What is the best retry policy in such a scenario:
Database
succeeds in creating the data entry, but then the response takes too long to reach Application
. So to carry out the work, Application
retries the creation, and of course Database
returns an "already exists" error. So in the end from Application
's perspective, it seems the creation has failed, while in fact it succeeded. And even worse, if this is in the middle of a series of steps, then there's no way for Application
to decide whether to trigger a rollback on the previous steps.
Increasing the timeout length on Application
is not a acceptable solution because the IP network can never be 100% reliable and there's always a tiny chance where the response could just get lost in the network.

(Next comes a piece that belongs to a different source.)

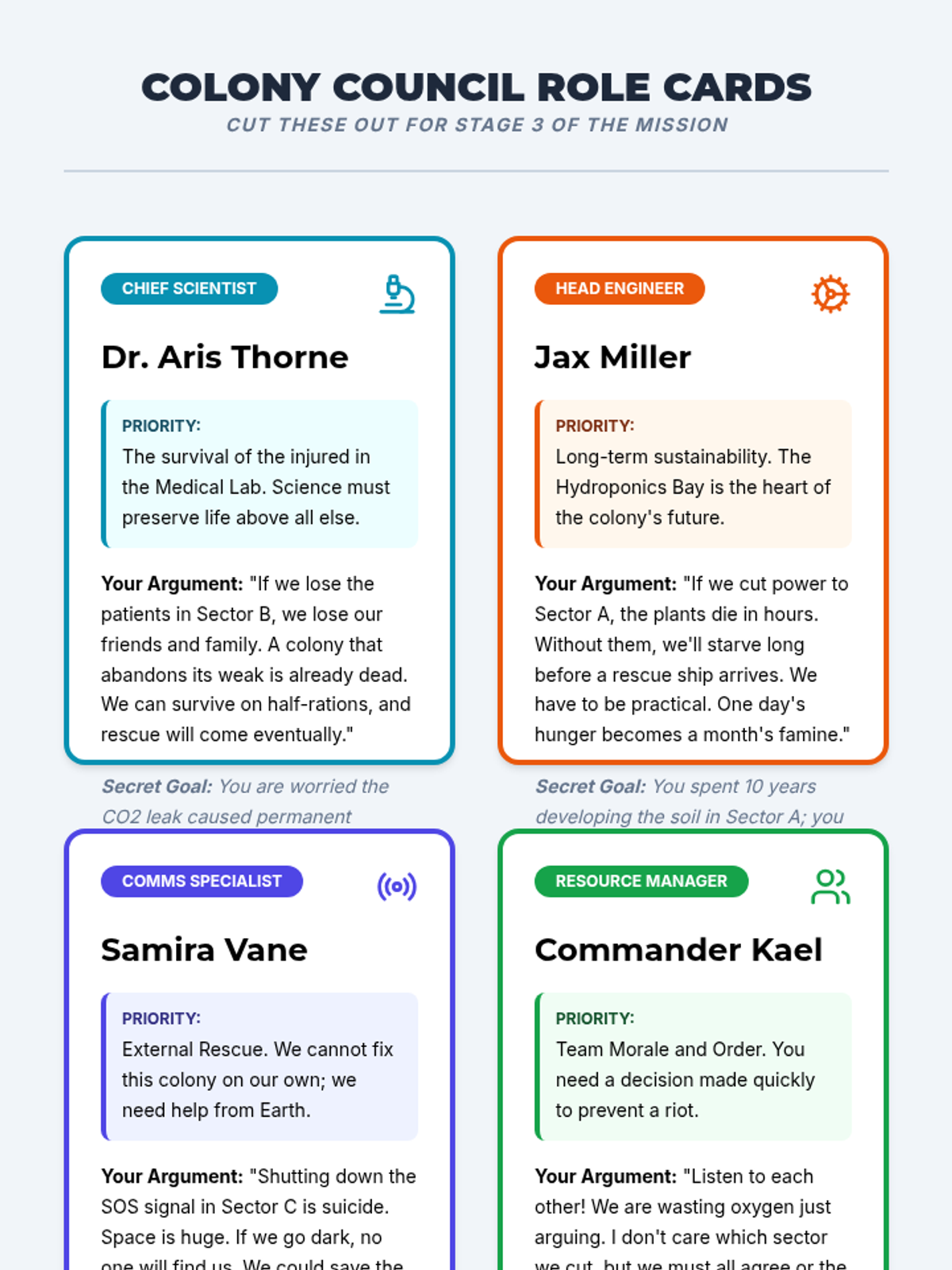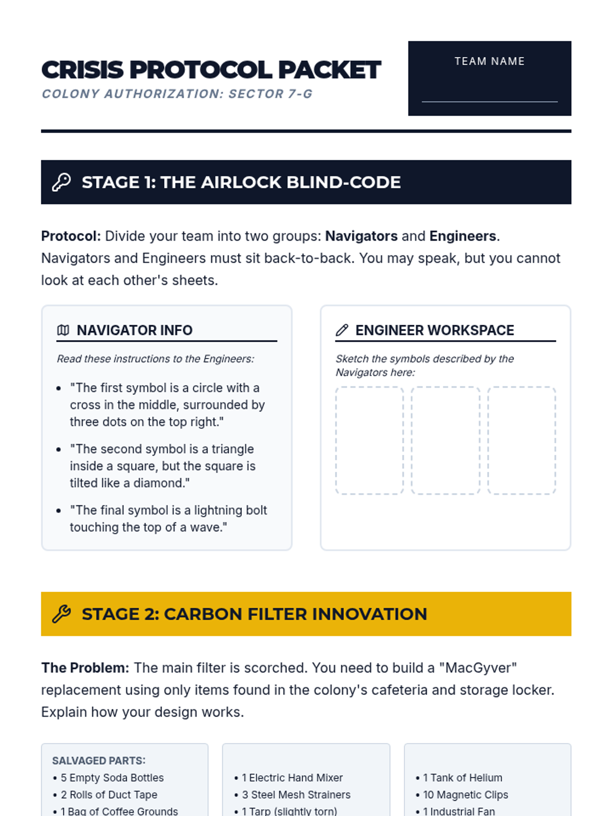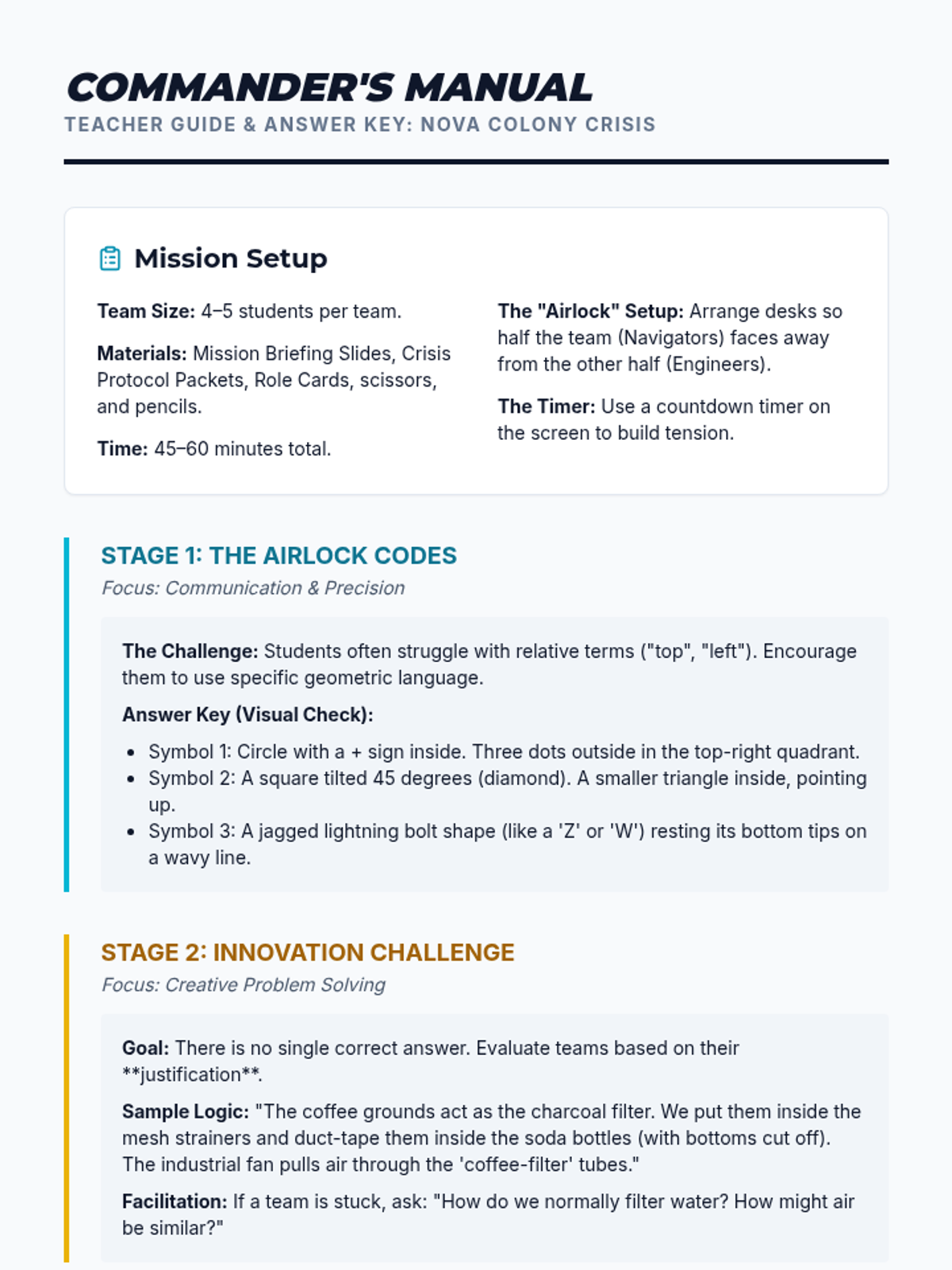 A high-stakes problem-solving adventure where middle school students must work together to save a space colony. This sequence focuses on developing teamwork, effective communication, and innovative thinking through an escape-room style challenge and social role-playing scenarios.

Adding a check of existence of <data>
before creating could work. But that's only when concurrency is taken into consideration. In my case there can be multiple clients to Database
and I am not certain on the chance of race conditions.
+-------------+ +-----------+
| Application | | Database |
+-------------+ +-----------+
| |
| CREATE <data> |
|--------------------------------------------------------->|
| |
| | creating
| |---------
| | |
| |<--------
| -------------------------------\ |
|-| timeout waiting for response | |
| |------------------------------| |
| |
| SUCCESS |
|<---------------------------------------------------------|
| -----------------------------------------------\ |
|-| response from a timed out session is ignored | |
| |----------------------------------------------| |
| |
| retry CREATE <data> |
|--------------------------------------------------------->|
| |
| ERROR: <data> ALREADY EXISTS |
|<---------------------------------------------------------|
| ---------------------------------------------------\ |
|-| no idea whether the creation actually took place | |
| |--------------------------------------------------| |
| |